What is expected →
Where the records below begin, start copying, and stop after the line that contains "Tahiti Polynesian Quilt"; reproduce every line exactly but omit pictures.

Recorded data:
* * * * *

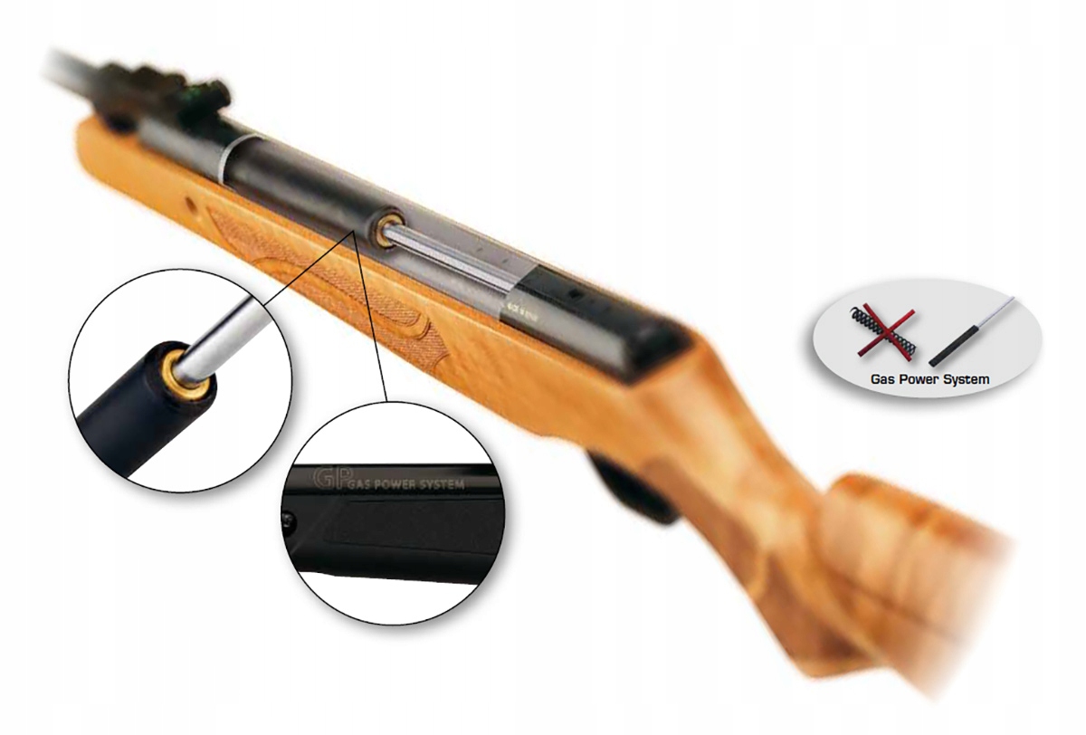 Sprężyna gazowa GP Gas Piston - gwarantuje cichą pracę wiatrówki, mniejszy odrzut, powtarzalność każdego strzału, brak zużycia sprężyny gazowej podczas całego okresu eksploatacji. Sprężyna gazowa poprawia celność wiatrówki oraz kulturę pracę.
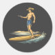Surfing Cowboy Classic Round Sticker
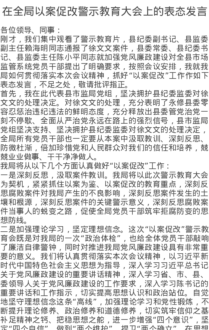 在全局以案促改警示教育大会上的表态发言
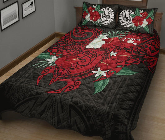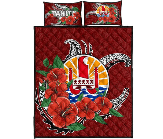 Tahiti Polynesian Quilt Bed Set - Tahiti Flag Red Tattoo
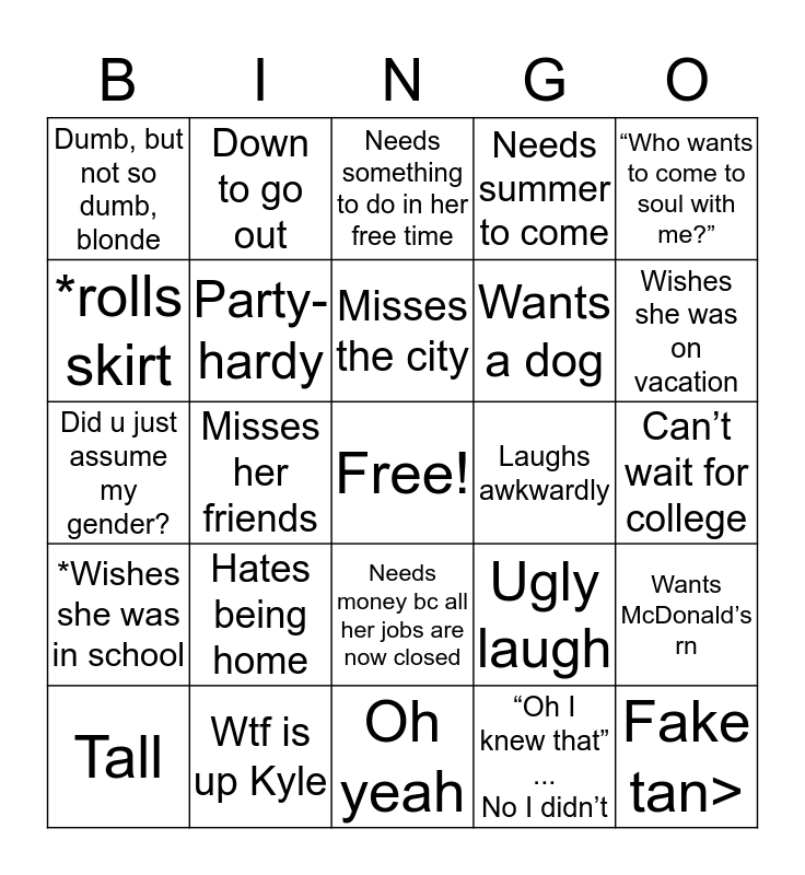 This bingo card has a free space and 24 words: Tall, Hates being home, Misses the city, “Oh I knew that” ... No I didn’t, “Who wants to come to soul with me?”, Dumb, but not so dumb, blonde, Down to go out, Needs something to do in her free time, Laughs awkwardly, Can’t wait for college, Did u just assume my gender?, Party-hardy, Ugly laugh, Wants McDonald’s rn, *rolls skirt, Wtf is up Kyle, Oh yeah, Needs summer to come, Wishes she was on vacation, *Wishes she was in school, Misses her friends, Needs money bc all her jobs are now closed, Wants a dog and Fake tan>.

* * * * *

Response →
 Sprężyna gazowa GP Gas Piston - gwarantuje cichą pracę wiatrówki, mniejszy odrzut, powtarzalność każdego strzału, brak zużycia sprężyny gazowej podczas całego okresu eksploatacji. Sprężyna gazowa poprawia celność wiatrówki oraz kulturę pracę.
Surfing Cowboy Classic Round Sticker
 在全局以案促改警示教育大会上的表态发言
 Tahiti Polynesian Quilt Bed Set - Tahiti Flag Red Tattoo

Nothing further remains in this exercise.